It’s all a part of something larger that Gattis seeks to expose, which brings us back to the novel’s title. “I had two goals in mind,” Gattis says. “The first was to humanize the criminal justice system by giving the reader deep and genuine access to the folks who will determine the outcome of the eventual trial. That includes the professionals — law enforcement, prosecution and defense lawyers. My second goal was to show how the system actually works.”

For legal details, he relied on another personal connection; he’s married to a criminal attorney in the office of the L.A. County D.A. Asked if that made writing the trial scenes in “The System” any easier, he laughs before admitting, “Writing [prosecutor Kristina Mirkovich] helped me respect and appreciate my wife’s mind even more. I found it fun to anticipate and structure Kristina’s legal arguments, strategy and line of questioning.

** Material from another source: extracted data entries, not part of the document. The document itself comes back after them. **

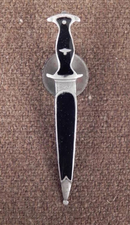 NAZI SS DAGGER LAPEL PIN-SCREW BACK-ENAMEL & SILVER-MARKED * 2 1/2" IN LENGTH--REVERSE MARKED "II.L 0.23/R.R./ES." *
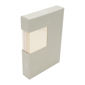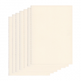 文字をなめらかに書くことが出来、にじみや裏写りがほとんどないデザインフィルオリジナル用紙「MD用紙」を使用。色ごとに書く内容を分けたり、2ヶ月で1冊として1年使うなど、自由にお使いいただくことができます。本文は原稿用紙をイメージした5mm方眼罫フォーマット。罫線色はエンジ、緑、水色、紺、紫、茶、黄色の7色で、中ミシン綴じの糸色を罫線色に合わせているのもポイントです。耐久性にすぐれた製本方法の「中ミシン綴じ」は、ページの開きが良く、ストレスなく筆記ができます。罫線色に合わせた鮮やかな糸色が、ページの間や背表紙からさりげなくのぞきます。7冊のノートがすっきりときれいに納まる、特別仕様の紙製パッケージ入り。
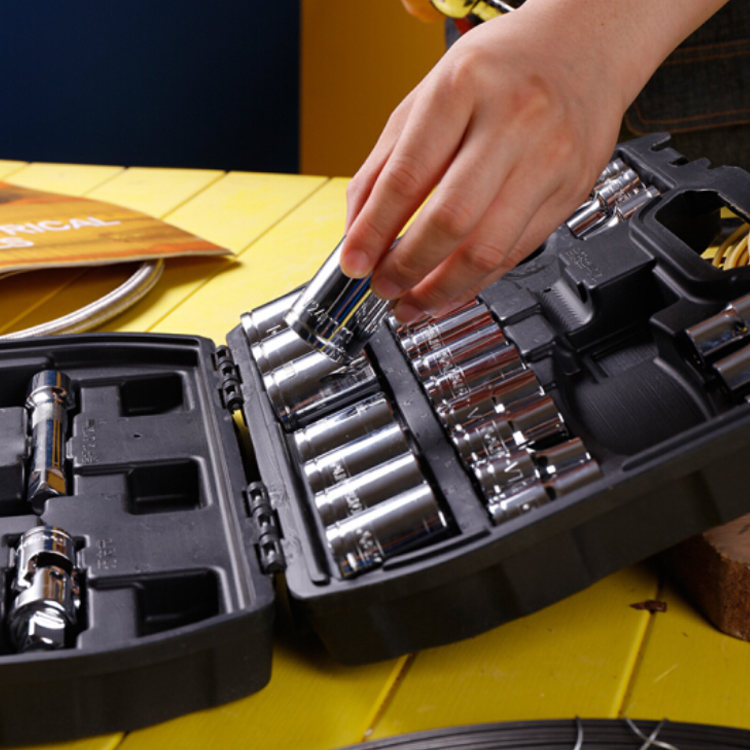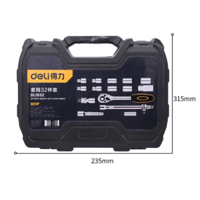 得力(deli) 12.5mm系列套筒組套棘輪扳手套筒組合汽車維修工具套裝大飛32件套
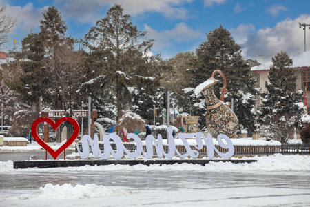 Bursa, Turkey - February 04, 2017: People are taking photos near the fountain in Park of Bursa, Turkey
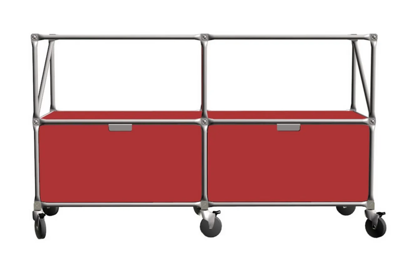 Das rote Sideboard der Marke System 180 ist 150cm breit, 89,5cm hoch und 47cm tief. Ein Edelstahlgestell trägt rote MDF-Platten und ausziehbare Schubladen, die genügend Stauraum für alles Mögliche bieten, seien es Tacker, Locher und Heftklammern oder aber wichtige Dokumente, die Sie auf die Oberflächen legen können. Hauptsache, im Büro herrscht Ordnung.
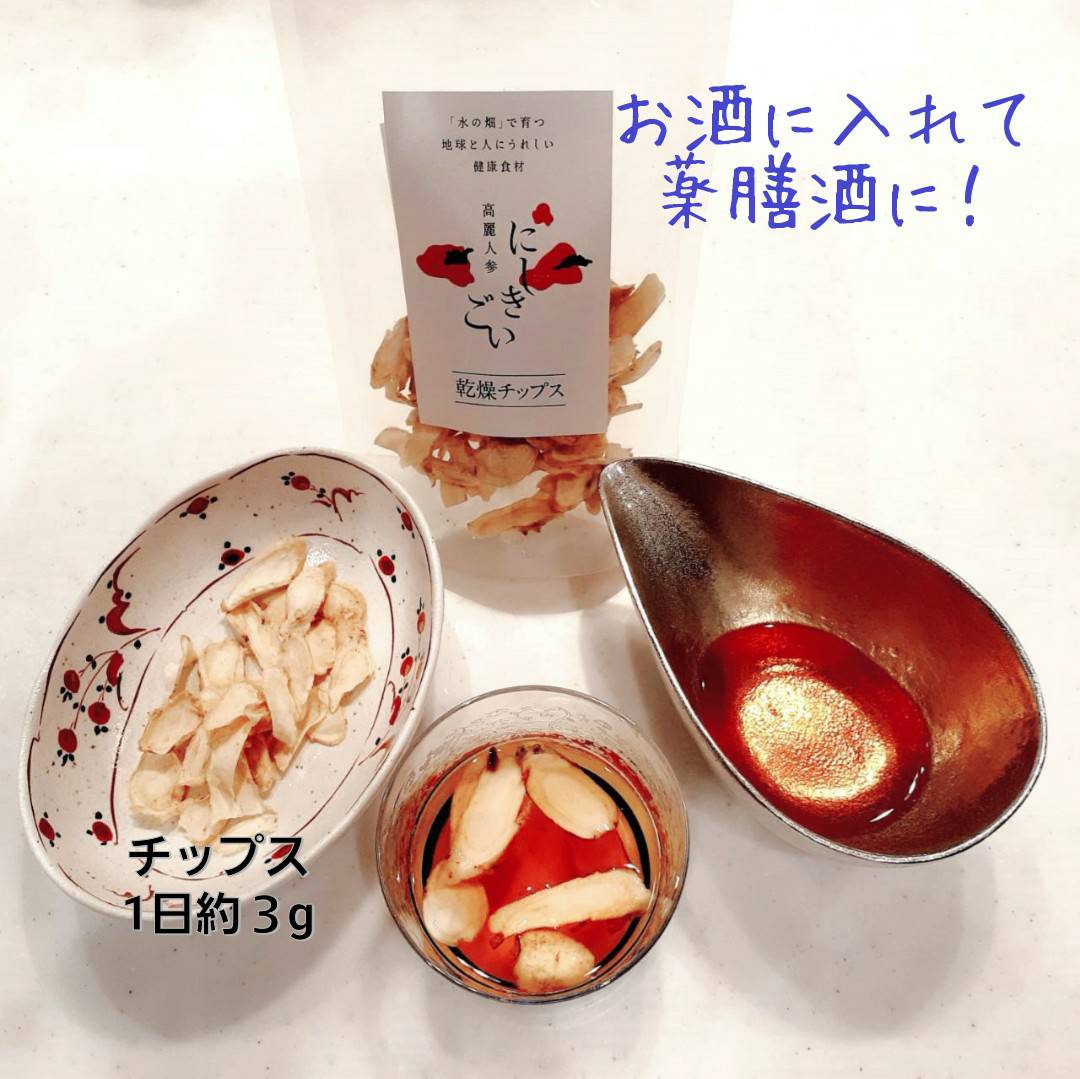 ※ 写真は生の物ですが高麗人参紅人も生と同じように料理や健康酒、ドリンクとして
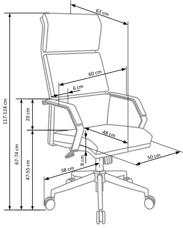 - Wymiary: szerokość siedziska: 60 cm, głębokość siedziska: 63 cm, wysokość krzesła: 117-124 cm, wysokość siedziska: dowolnie regulowana.
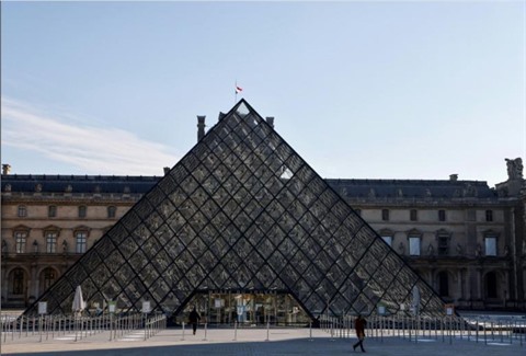 | Le musée du Louvre et sa pyramide, créée par l'artiste Ieok Ming Pei, privés de leurs visiteurs en raison de l'épidémie de coronavirus, à Paris, le 6 novembre 2020. |
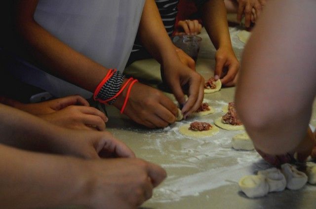 Этот сезон проекта был примечателен тем, что некоторые блюда мы и сами готовили впервые, то есть учились на ходу вместе с ребятами. На последней встрече народу было больше, чем обычно, и ребята сами разделились на 3 группы: первые вместе с Богданом раскатывали тесто и вырезали кружочки, мы со второй группой раскладывали начинку и лепили манты, а третья группа с двумя Машами и Юлей учились делать красивые… селфи. В итоге все 3 группы остались довольны и манты ели уже, конечно же, вместе.

And then there would be moments where my wife would read it and tell me, ‘No, that’s not how that works!’ It’s that pushback from her and other genuine professionals that makes my writing the best it can be.” He also borrowed his wife’s Croatian heritage for Kristina, adding texture to the dialogue and a scene set in a Croatian restaurant in San Pedro.

Restaurants are frequent settings in “The System” — from San Pedro to Long Beach to Lynwood — reflecting a lifelong love of diverse food cultures that emerged after he regained his sense of smell and taste (see sidebar).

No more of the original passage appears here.